Without correlated subqueries, it would be hard to express queries that need to compare each row against related data dynamically. They allow databases to handle complex row-by-row logic inside a single query. Without them, developers would write more complicated code or multiple queries, leading to slower and error-prone applications.

Where it fits

Before learning correlated subqueries, you should understand basic SQL queries, subqueries, and how joins work. After mastering correlated subqueries, you can explore query optimization, window functions, and advanced SQL performance tuning.

Mental Model

Core Idea

A correlated subquery is like a mini-question asked repeatedly for each row of the main query, using that row's details to find a specific answer.

Think of it like...

Imagine you are checking each student's grades and, for every student, you ask the teacher separately how many assignments that student completed. You ask the same question many times, but each time with a different student's name.

Outer Query Row ──▶ Correlated Subquery using Outer Row Value
┌───────────────┐       ┌─────────────────────────┐
│ Outer Query   │       │ Subquery uses outer row  │
│ processes row │──────▶│ value to filter or compute│
└───────────────┘       └─────────────────────────┘

Build-Up - 6 Steps

1

FoundationUnderstanding Basic Subqueries

Concept: Learn what a subquery is and how it runs independently inside a main query.

A subquery is a query inside another query, usually in WHERE or SELECT clauses. It runs once and returns a value or set of values used by the outer query. For example, finding employees who work in the department with the highest budget uses a subquery to find that department.

Result

The outer query uses the subquery's result to filter or calculate its output.

Understanding that subqueries run independently helps you see why correlated subqueries behave differently.

2

FoundationIntroducing Correlated Subqueries

3

IntermediateExecution Flow of Correlated Subqueries

4

IntermediateCorrelated Subqueries vs Joins

5

AdvancedOptimization Techniques for Correlated Subqueries

6

ExpertInternal Execution Model and Planning

Under the Hood

When a correlated subquery runs, PostgreSQL processes the outer query row by row. For each row, it substitutes the outer row's values into the subquery and executes it. This repeated execution is often implemented as a nested loop join internally. The planner may transform the subquery into a join or use caching to optimize. The subquery cannot be executed independently because it references outer query columns.

Why designed this way?

Correlated subqueries were designed to allow flexible, row-dependent filtering and calculations within a single SQL statement. Early SQL standards included them to express queries that joins alone couldn't easily handle. The nested execution model is simple and intuitive but can be inefficient, so modern databases add optimizations. Alternatives like lateral joins and window functions have emerged to address performance and expressiveness.

┌───────────────┐
│ Outer Query   │
│ fetches row 1 │
└──────┬────────┘
       │ uses row 1 values
       ▼
┌───────────────┐
│ Subquery runs │
│ with row 1    │
└──────┬────────┘
       │ returns result
       ▼
┌───────────────┐
│ Outer Query   │
│ fetches row 2 │
└──────┬────────┘
       │ uses row 2 values
       ▼
┌───────────────┐
│ Subquery runs │
│ with row 2    │
└───────────────┘

Myth Busters - 4 Common Misconceptions

Quick: Does a correlated subquery run only once per query or once per outer row? Commit to your answer.

Common Belief:Correlated subqueries run only once like normal subqueries.

Tap to reveal reality

Quick: Can all correlated subqueries be replaced by joins without changing results? Commit to yes or no.

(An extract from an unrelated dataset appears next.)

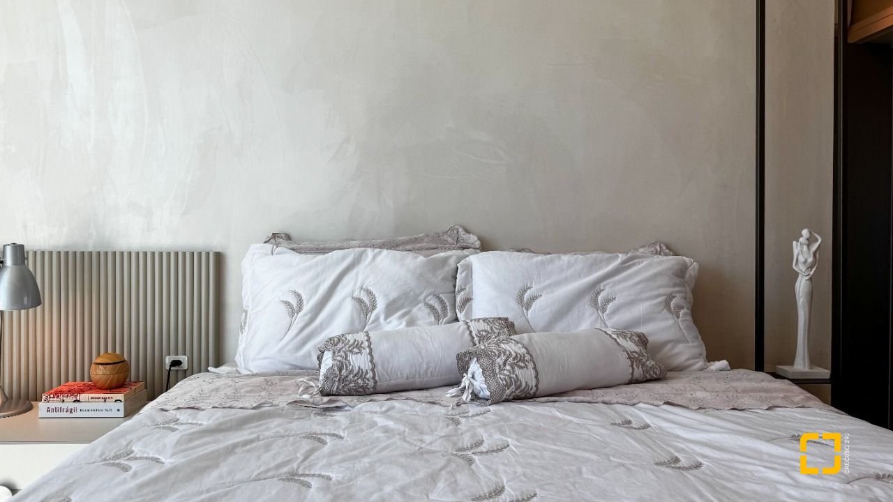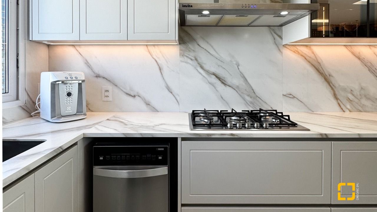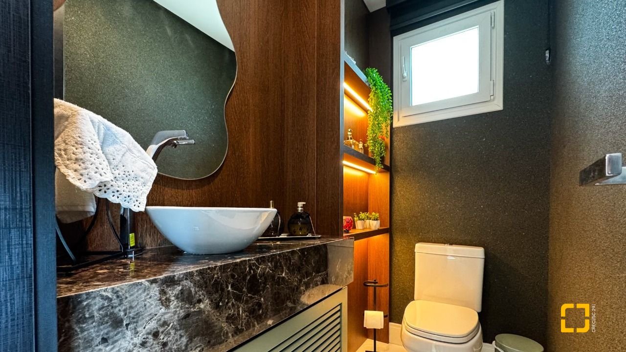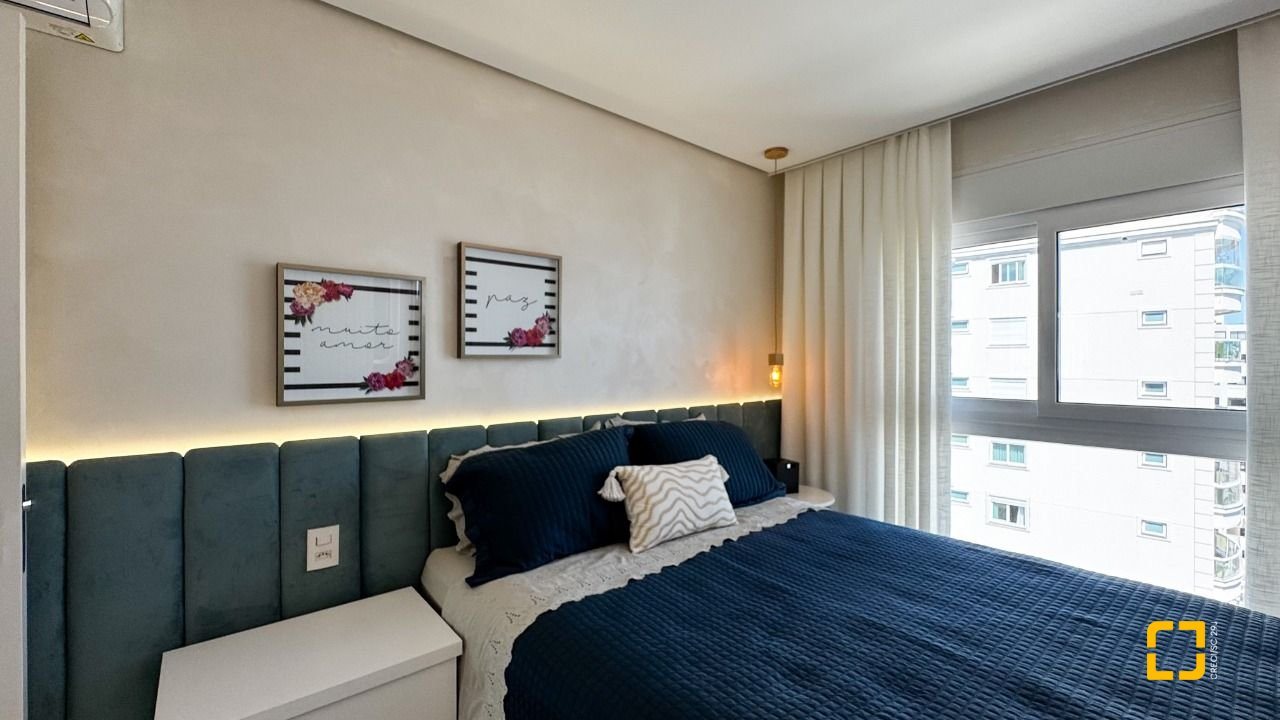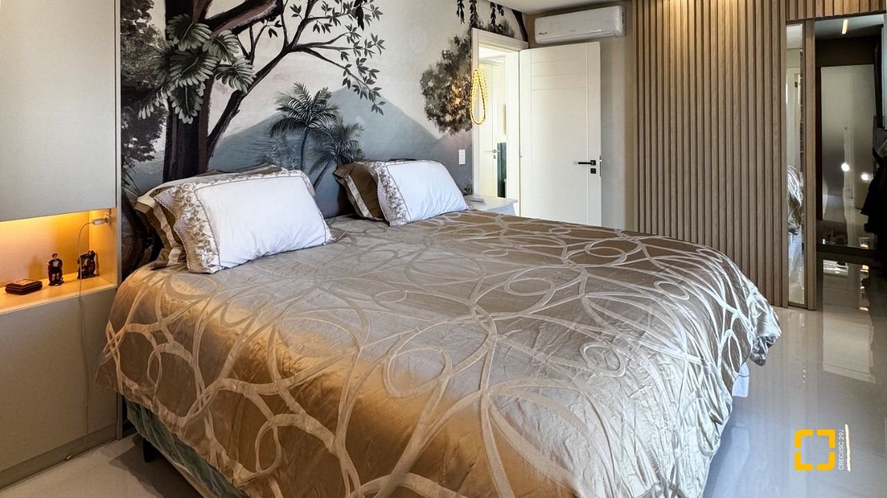 A cozinha planejada com armários, aliada à área de serviço independente e despensa, garante praticidade no dia a dia. O imóvel possui piso em porcelanato, persianas e vidros duplos nos dormitórios, além de aquecimento de água por aquecedor de passagem, preparação para automação residencial e ar-condicionado split em todos os ambientes. Permanece mobiliado com armários nas suítes, cozinha, banheiros e área de serviço.

Common Belief:Every correlated subquery can be rewritten as a join with the same result and performance.

Tap to reveal reality

Quick: Does PostgreSQL always execute correlated subqueries as nested loops? Commit to yes or no.

Common Belief:The database always executes correlated subqueries as simple nested loops without optimization.

Tap to reveal reality

Quick: Are correlated subqueries always slower than joins? Commit to yes or no.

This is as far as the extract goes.